YOUR GOAL: Locate the line containing "Pour la deuxième" in the entries below, then retype it and every later line exactly, leaving out pictures.

++++ INFORMATION SUPPLIED ++++

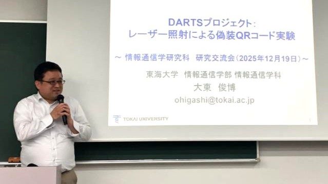 第一部のハイライト発表では、大東俊博教授が、高山佳久教授・山本宙教授らと共同で進めている「DARTSプロジェクト:レーザー照射による偽装QRコード実験」について講演を行いました。講演では、プロジェクトを立ち上げた背景、情報セキュリティに関する基礎的な考え方、QRコードの構造と仕組み、誤り検出・訂正技術の要点、さらに今後の研究展開に向けた構想が順を追って説明されました。後半にはレーザー照射による実演が行われ、参加者は自身のスマートフォンを用いてQRコードを読み取ることで、偽装の現象を実際に体感することができました。会場には、理論と実演が結びついた内容に対して強い関心を寄せる様子が見られました。
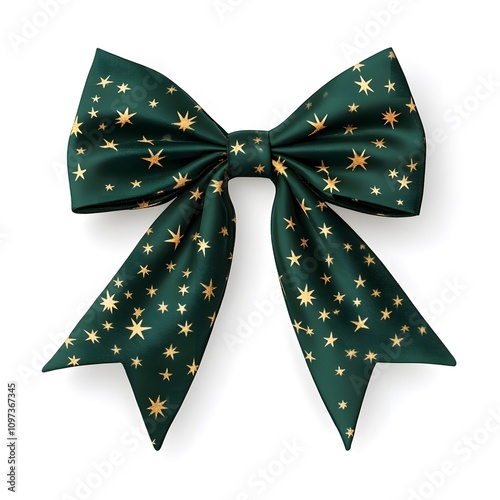 green, satin, bow, gold, star, pattern, festive, decoration, gift, wrapping, present, holiday, christmas, new, year, celebration, occasion, bow tie, ornament, accessory, elegant, luxurious, silky, shiny, glistering, sparkle, beautiful, stylish, graphic, design, isolated, white, background
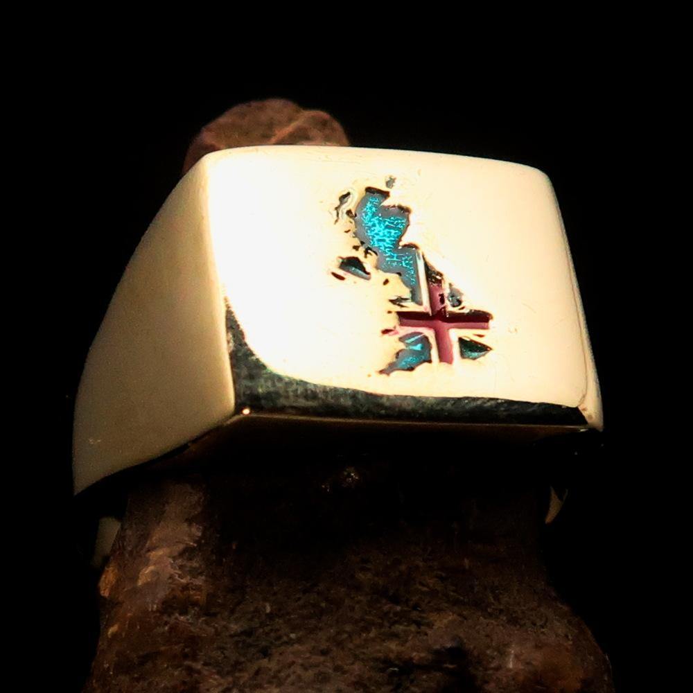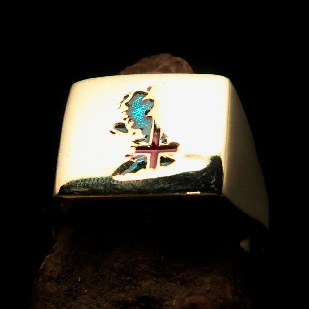 Introducing the beautifully crafted Men's Union Jack Flag Ring, a perfect accessory for those who take pride in their British heritage. Made from solid brass, this ring features a high polished finish that enhances its vibrant colors and intricate design. The Union Jack flag is a symbol of Great Britain, and wearing this ring allows you to showcase your love for the UK in a stylish and sophisticated manner.
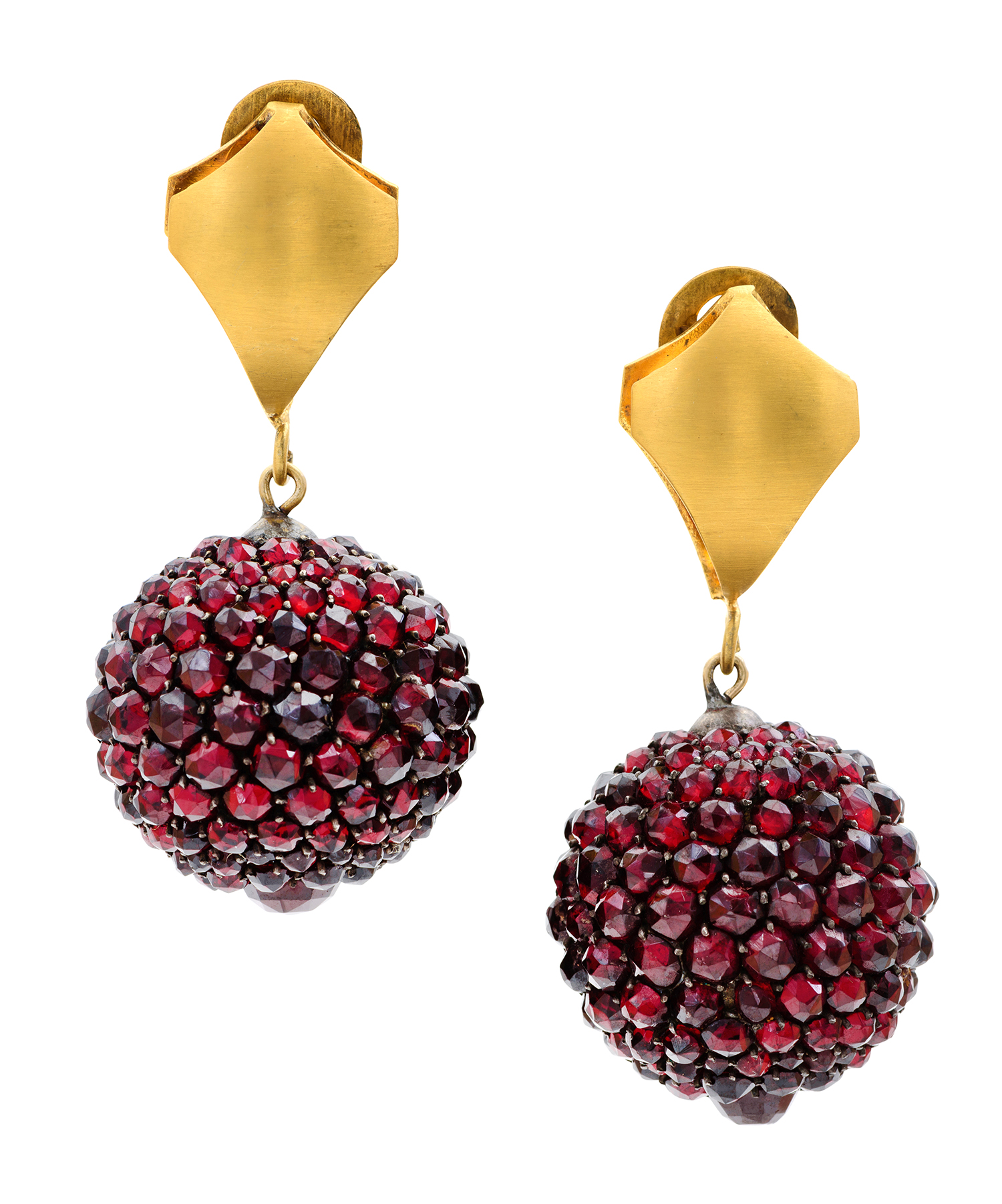 Garnet set ball drops, suspended from silver gilt fittings.
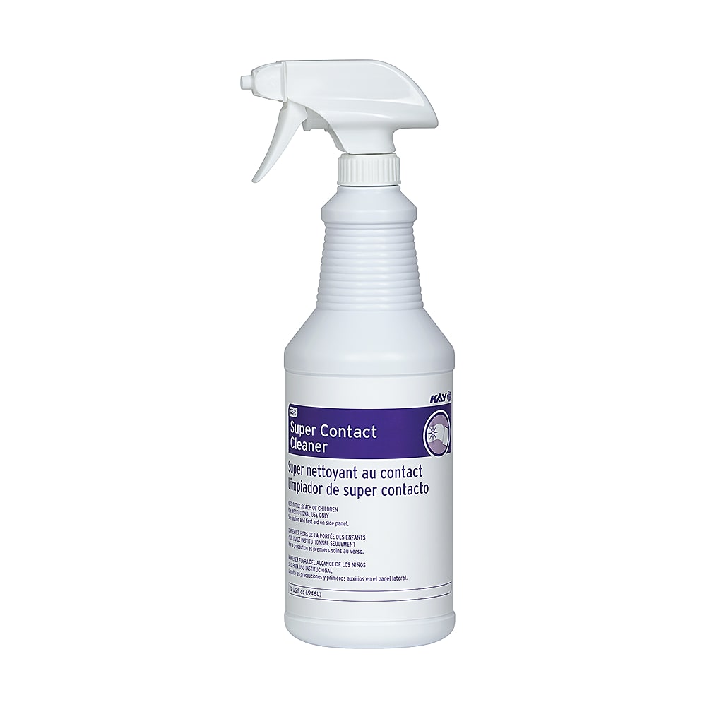 Use KAY Super Contact Cleaner as a pre‐treatment for difficult tasks such as baked‐on grease, Works on stainless steel, grills, oven hoods, cooler and freezer doors, fryer back splashes, and more.
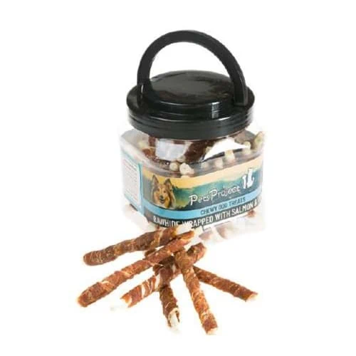 חטיפי מקלות בקר עטוף סלומון בצנצנת לכלב פטס פרוג'קט 400 גרם
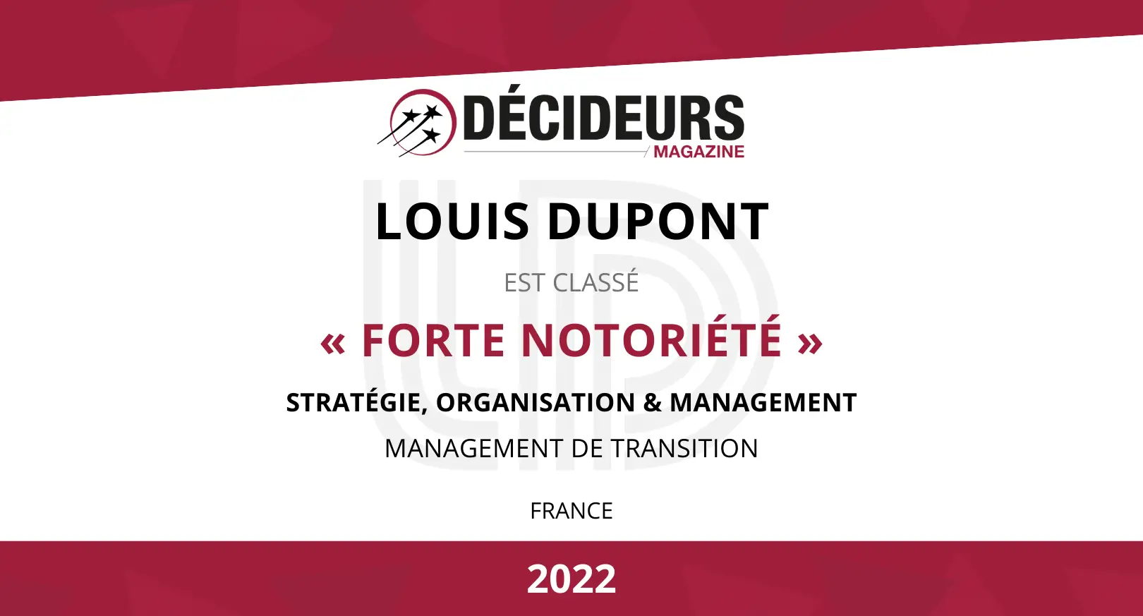 Pour la deuxième année consécutive, LOUIS DUPONT se distingue dans la catégorie « Forte notoriété » dans le classement 2022 des « Meilleurs cabinets de Management de Transition » de Décideurs Magazine !
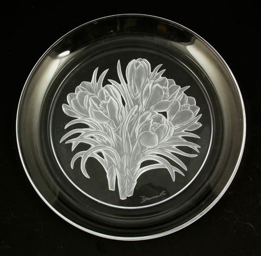 Vintage Crystal Hoya Daffodil Plate Signed T Yamamoto Plates Vintage Crystal Crystals

++++

SOLUTION TO THIS TASK:
 Pour la deuxième année consécutive, LOUIS DUPONT se distingue dans la catégorie « Forte notoriété » dans le classement 2022 des « Meilleurs cabinets de Management de Transition » de Décideurs Magazine !
 Vintage Crystal Hoya Daffodil Plate Signed T Yamamoto Plates Vintage Crystal Crystals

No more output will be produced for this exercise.